No recourse under or upon any obligation, covenant or agreement of the Issuer in the Indenture or any indenture supplemental thereto or in any Note, or because of the creation of any indebtedness represented thereby, shall be had against incorporator, stockholder, officer or director, as such, of the Issuer or of any successor corporation, either directly or through the Issuer or any successor corporation, under any rule of law, statute or constitutional provision or by the enforcement of any assessment or by any legal or equitable proceeding or otherwise, all such liability being expressly waived and released by the acceptance hereof and as part of the consideration for the issue hereof.

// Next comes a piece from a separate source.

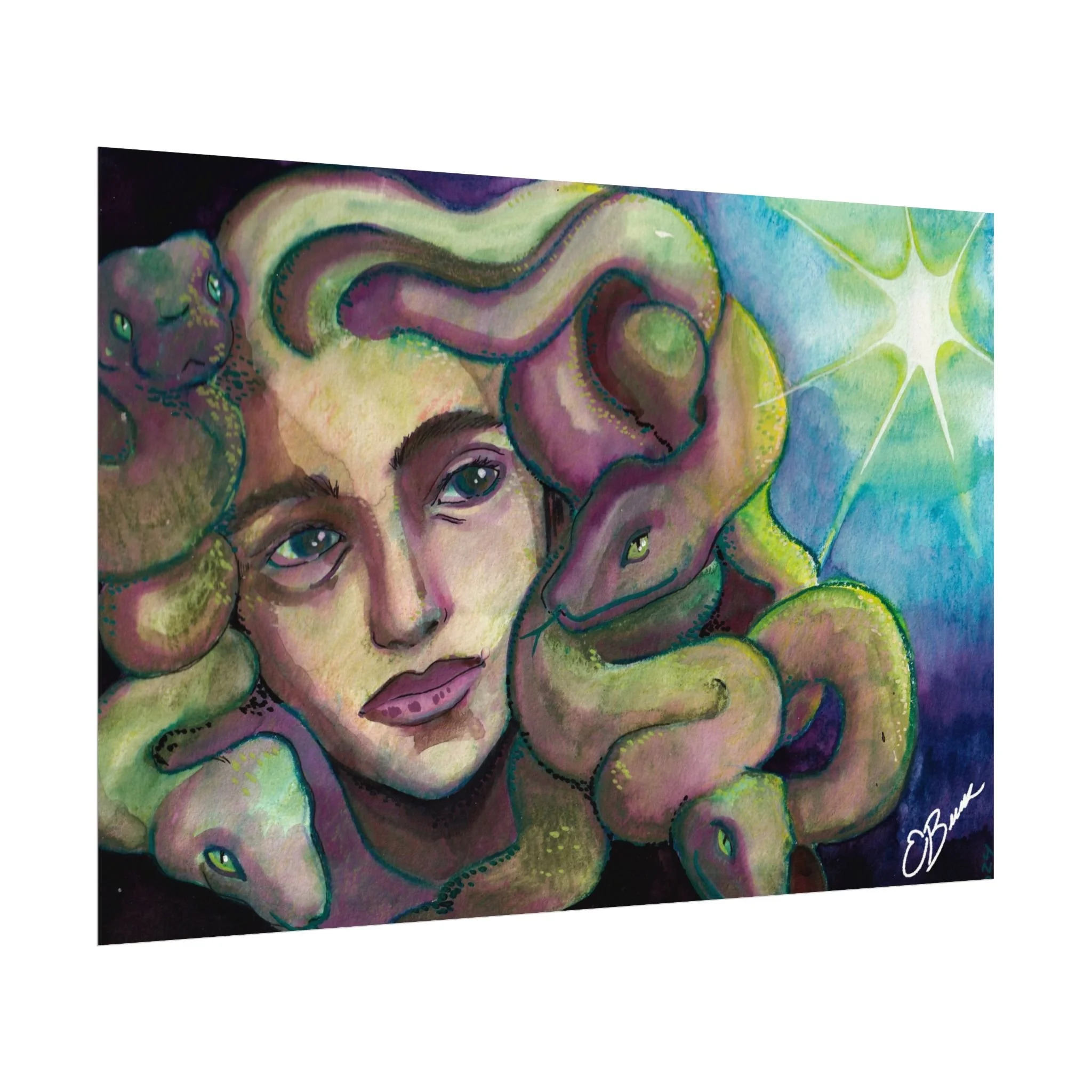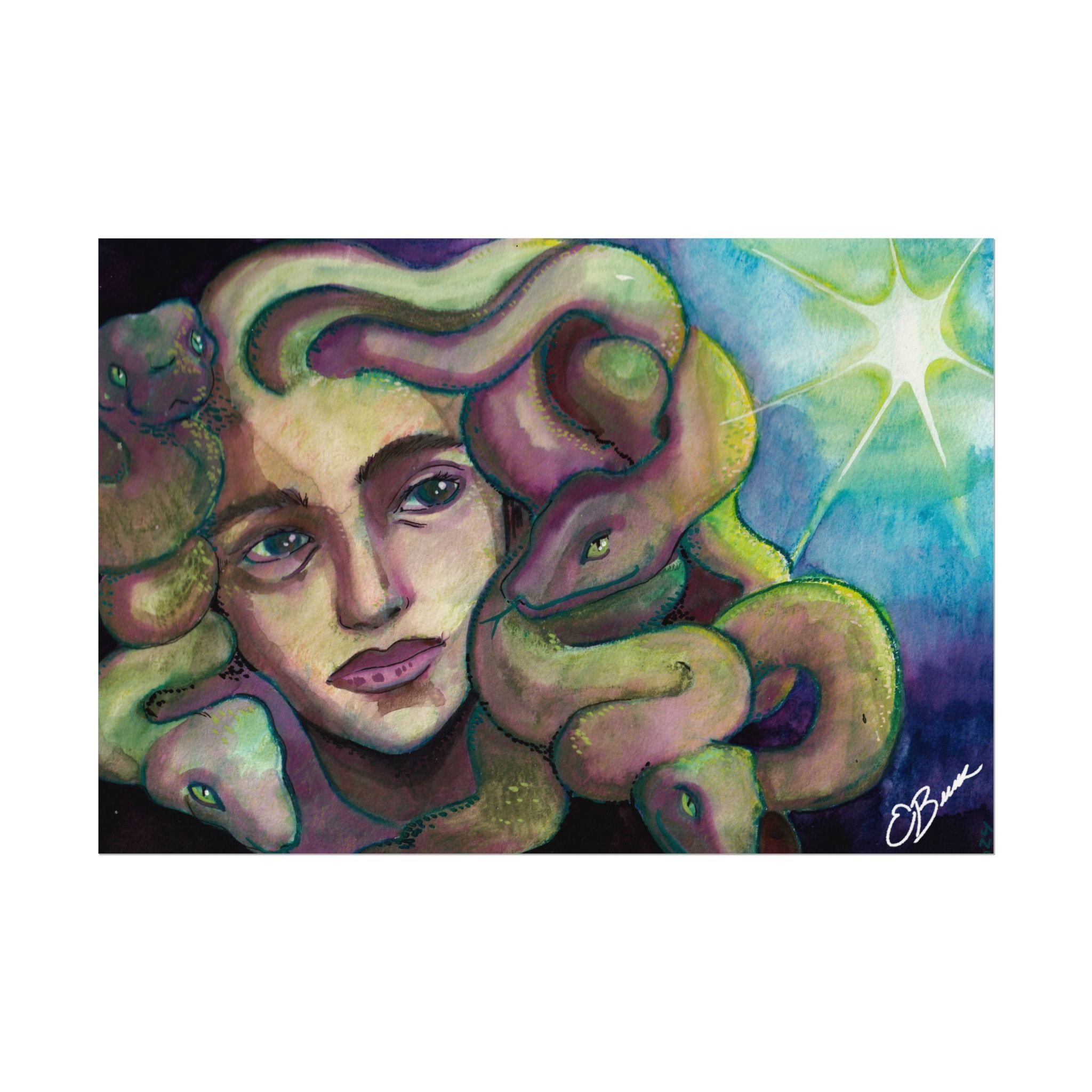 Medusa Watercolor Matte Poster — Textured Mythical Art Print

For purposes of the Notes, “Business Day” shall mean any day other than a Saturday or a Sunday that is neither a legal holiday nor a day on which applicable law or regulation authorizes or requires banking institutions in The City of New York, New York to close.

All terms used in this Note not otherwise defined herein which are defined in the Indenture shall have the meanings assigned to them in the Indenture. To the extent any provision of this Note conflicts with the express provisions of the Indenture, the provisions of the Indenture shall govern and be controlling.

The acceptance of this Note shall be deemed to constitute the consent and agreement of the Holder hereof to all of the terms and provisions of the Indenture. Terms used herein which are defined in the Indenture shall have the respective meanings assigned thereto in the Indenture.

THE INDENTURE AND THE NOTES SHALL BE GOVERNED BY AND CONSTRUED IN ACCORDANCE WITH THE LAWS OF THE STATE OF NEW YORK, WITHOUT REGARD TO CONFLICTS OF LAW PRINCIPLES THEREOF.